By Max McCrory
I’d been anxious to try Della Terra, located in Zelienople, for quite some time and it was definitely worth the wait. The restaurant is located on the town’s charming main street in an old bank, so when you first walk in you’re met with high ceilings and navy blue walls decorated with Dutch masters style paintings. The space is modern yet cozy, which also reflects in the food.
It was so hard to pick just a few things to sample off of the menu, because every single item sounded delectable. We didn’t get to try the wood fired pizzas, which looked incredible and there were so many delectable pastas, it was hard to choose. My companion and I ended up ordering a selection of things to share.
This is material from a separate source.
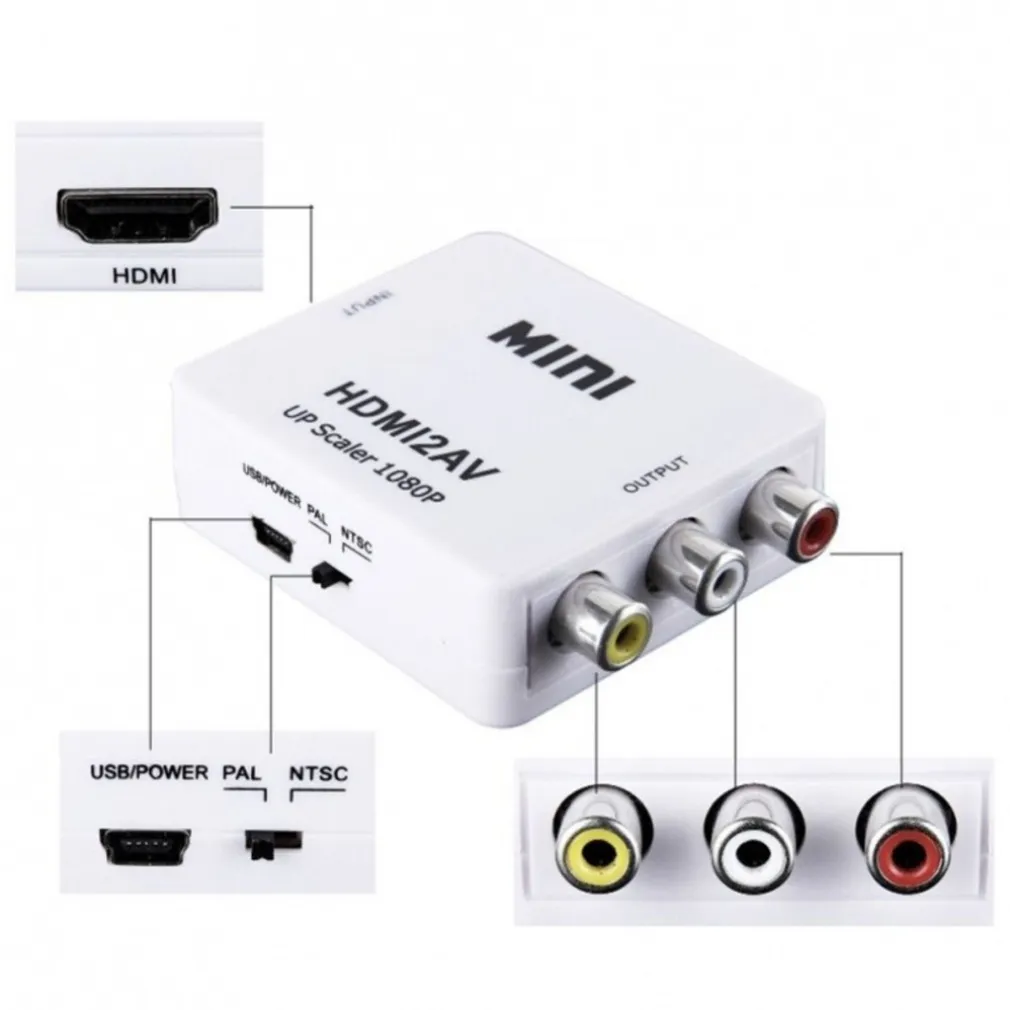 CONVERTITORE ADATTATORE VIDEO AUDIO DA HDMI AV RCA 2AV 1080P PER TV TELECAMERA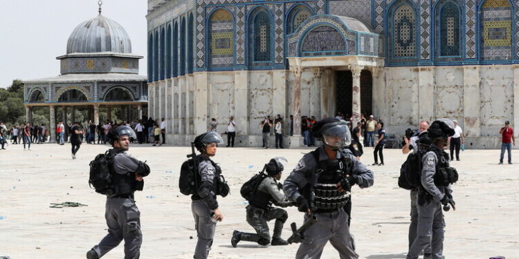 وقالت وكالة “معا” الفلسطينية، إن جنودا إسرائيليين اقتحموا صحن قبة الصخرة وشرعوا باطلاق قنابل الصوت والغاز على المصلين بعد انتهاء صلاة الجمعة وأثناء تجمع المصلين عند درجات قبة الصخرة والهتاف للمقاومة ولفلسطين.

We started with the fried chickpeas with chiles and aromatics, which were the perfect combination of crispy and spicy. We then had the garlic bread topped with parmesan and burrata, which was naturally leavened and had a pizza dough like consistency. For our main course, we tried the agnolotti with corn, ricotta, and sage butter. It was a delightful summer dish!
What really caught my attention was the fried artichokes. I’ve never seen these before on a Pittsburgh Italian restaurant menu, so the dish piqued my curiosity. I’ve tried artichokes plenty of times, but I’ve typically only seen them steamed and if they are fried, it’s just the hearts.
I did some research and found that deep fried artichokes originated in the Jewish ghetto of Rome in the 1500s, as artichokes were extremely plentiful compared to other vegetables. Water was scarce in the ghetto, so deep frying was their go-to mode of food preparation. Over time, Italians warmed to this delicious vegetable, which lead to its global popularity.
Della Terra’s fried artichokes looked like beautiful, blossoming flowers when they came out of the kitchen. My mouth was watering before I even took a bite. The artichokes were topped with a cacio e pepe aioli, which I’d never seen on anything other than pasta. The sauce was creamy and rich with a bit of a bite from the pepper. The juice from the grilled lemon served with the dish complemented the luscious sauce and added some freshness. The fried artichokes themselves, were both crunchy and tender, which is how you know something is fried to perfection. Now that I’ve tried this dish, I want to eat it again and again. I’m already planning my next visit to Della Terra.